NITROGEN USE ON YIELD COMPONENTS AND STEM SHEARING STRENGTH OF CANOLA

Ali Esehaghbeygi¹, Bahram Hoseinzadeh², Shahin Besharati^3
1 Department of Farm Machinery, College of Agriculture, Isfahan University of Technology, Iran
² College of Agriculture, Shahrekord University, Iran
³ Department of Mechanics of Agricultural, Machinery Engineering, College of Agriculture, Shahrekord University, Iran

ABSTRACT

The effects of nitrogen fertilizer on the yield components and stem shearing strength of three canola (Brassica napus L.) varieties Okapi, Opera, and Zarfam were conducted in 2008. The amount of nitrogen fertilizer and variety had significant effect on plant height and biomass yield (P < 0.01), and only variety had significant effect on the length of petiole and siliques at 1% confidence (RCBD analyses with LSD 5% for means).

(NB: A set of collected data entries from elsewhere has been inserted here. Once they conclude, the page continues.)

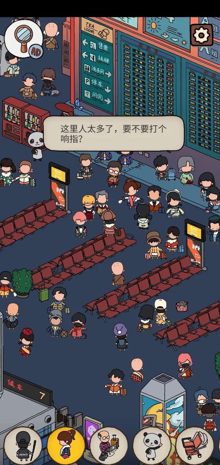 游戏中有的关卡会有这样的设计,比如这一关,当你点中这位“魔术师”,他会打个响指,减少大厅人数,一个小小的surprise!(再点一下可以把人变回来)
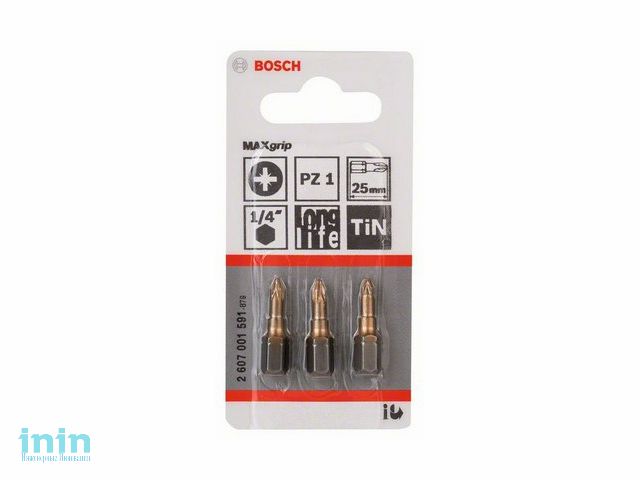 Насадка (бита) крестообразная PZ1 25 мм BOSCH Max Grip в розничн. упак. ( 3 шт.) (посадочн. шестигранник 1/4 ")
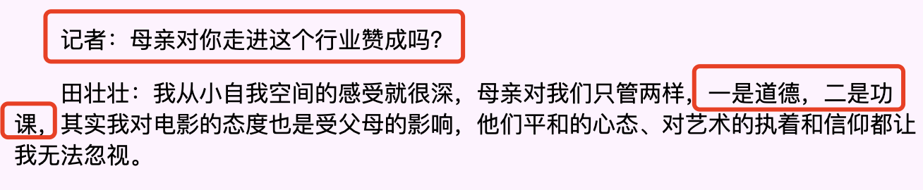 有人曾经问过田壮壮一个问题:“母亲对你走进这个行业赞成吗?”

Nitrogen fertilizer had no influence on the amount of seeds in canola siliques. Increased nitrogen fertilizer application enhances plant taller with lower stem diameters while, shearing energy will be decreased. There was no relationship between the cellulose content of the stem piths and level of nitrogen fertilizer. The Opera variety and the serrated knife yielded higher shearing strengths and shearing energy than others and knife tilt angle had significant effects on the stem shearing.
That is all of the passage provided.